Annotations and annotators
Out of the 105 datasets, 83 (79.0%) included annotations, such as the delineation of teeth, caries, and dental restorations on periapical and panoramic radiographs, the delineation of teeth, tongue, mucosal lesions on photographs, the segmentation of teeth on CBCT, and the categorical label of the presence or absence of cancer cells on histopathological images (Table 3). However, only 27 (25.7%) datasets provided information about the qualification of the annotators. The annotators involved dental students, general dentists, and specialists such as endodontists, periodontists, orthodontists, radiologists, pathologists, ENT, craniofacial, and maxillofacial surgeons (Table 3).
Ethical approval, specific terms, and licenses of the included datasets
The majority of the included datasets (n = 88; 83.8%) did not indicate whether they had obtained ethical approval (Table 4).

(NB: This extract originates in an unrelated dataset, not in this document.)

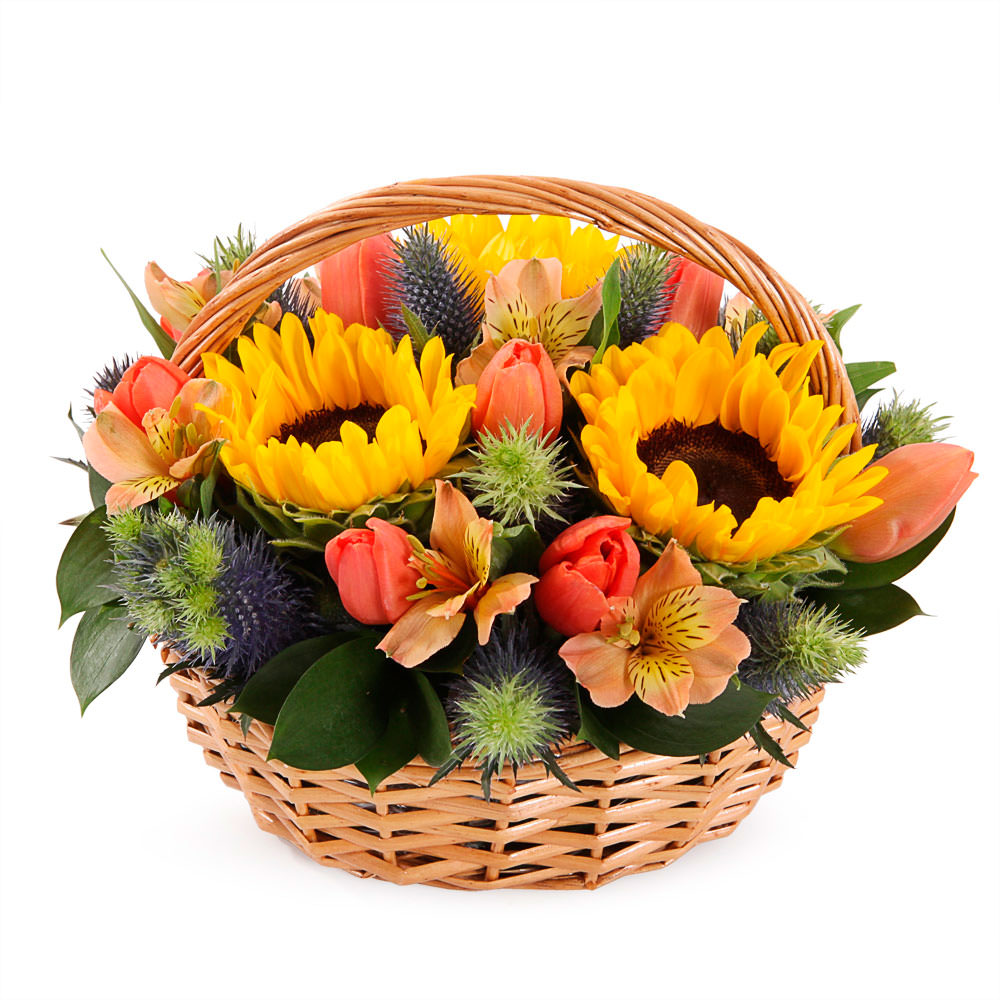 Цветы в корзинке «Солнечный день» с доставкой по г Тотьма: вы можете купить букет в интернет-магазине цветов «Флормания» по цене от 3590 руб.

Out of the 105 datasets, 65 (61.9%) specified terms or licenses for their reuse (Table 4). The licenses attached to the datasets included CC BY 4.0 (n = 34; 52.3%), Apache 2.0 (n = 12; 18.5%), CC0 1.0 (n = 7; 10.8%), CC BY-NC 3.0/4.0 (n = 4; 6.2%), CC BY-SA 3.0/4.0 (n = 2; 3.1%), CC BY-NC-ND (n = 2; 3.1%), CC BY-NC-SA 4.0 (n = 1; 1.5%), and MIT (n = 1; 1.5%). One dataset specified dual licenses (CC0 1.0 and CC-BY), while another only provided the terms of reuse.
Applicability concerns of the included datasets and the risk of bias in annotations
The evaluation of applicability concerns for the 105 datasets and the assessment of the risk of bias in annotations are presented in Table 4. Out of these datasets, only 12 (11.4%) were rated as having a “low” applicability concern due to their documentation of ethical approval and licensing. Conversely, 36 (34.3%) datasets were deemed to have a ‘high’ applicability concern due to the absence of reported ethical approval and licensing. Regarding the risk of bias in the ground truth annotations, out of the 83 annotated datasets, 59 (71.1%) were rated as “high” risk due to the lack of information about the annotators. Eighteen (21.7%) datasets were rated as “low” risk, attributed to the involvement of more than one annotator with explicit medical/dental qualifications. Furthermore, six (7.2%) datasets were rated as “moderate” risk, either because they were annotated by a single qualified annotator or by multiple annotators who lacked explicit qualifications.
Discussion
This study aimed to provide a comprehensive overview of the openly accessible oral-maxillofacial imaging datasets, their sources and characteristics of both the images and annotations. In addition, this study also investigated the ethical clearance, specific terms, and licenses concerning the reuse of these datasets. During full-text evaluation, three datasets21,31,48 required registered access. Access to the Tufts Dental Database21 and the dataset by Cipriano M was acquired by providing an email address, institutional affiliation, and the intended use of the data or by creating an account. However, no response was received from the owner of the dataset48 following multiple attempts to fulfil the access requirements. The datasets by Ramakrishnan et al.49, Chilamkurthy et al.50, and Iosifidis et al.51 could not be accessed as the specified download sites were not available both at the time of the initial search and at the time of manuscript submission. Access to the dataset by Ranjbar et al.52 can only be acquired by obtaining an affiliate appointment with the institution for collaborative projects. Moreover, three datasets identified on the Kaggle platform were not available and access to a dataset by Jian53 requires a subscription payment. Eventually, a total of 105 openly accessible datasets were identified from both electronic databases and dataset management platforms. The findings reveal a significant increase in the number of open-source datasets for oral-maxillofacial imaging since 2018.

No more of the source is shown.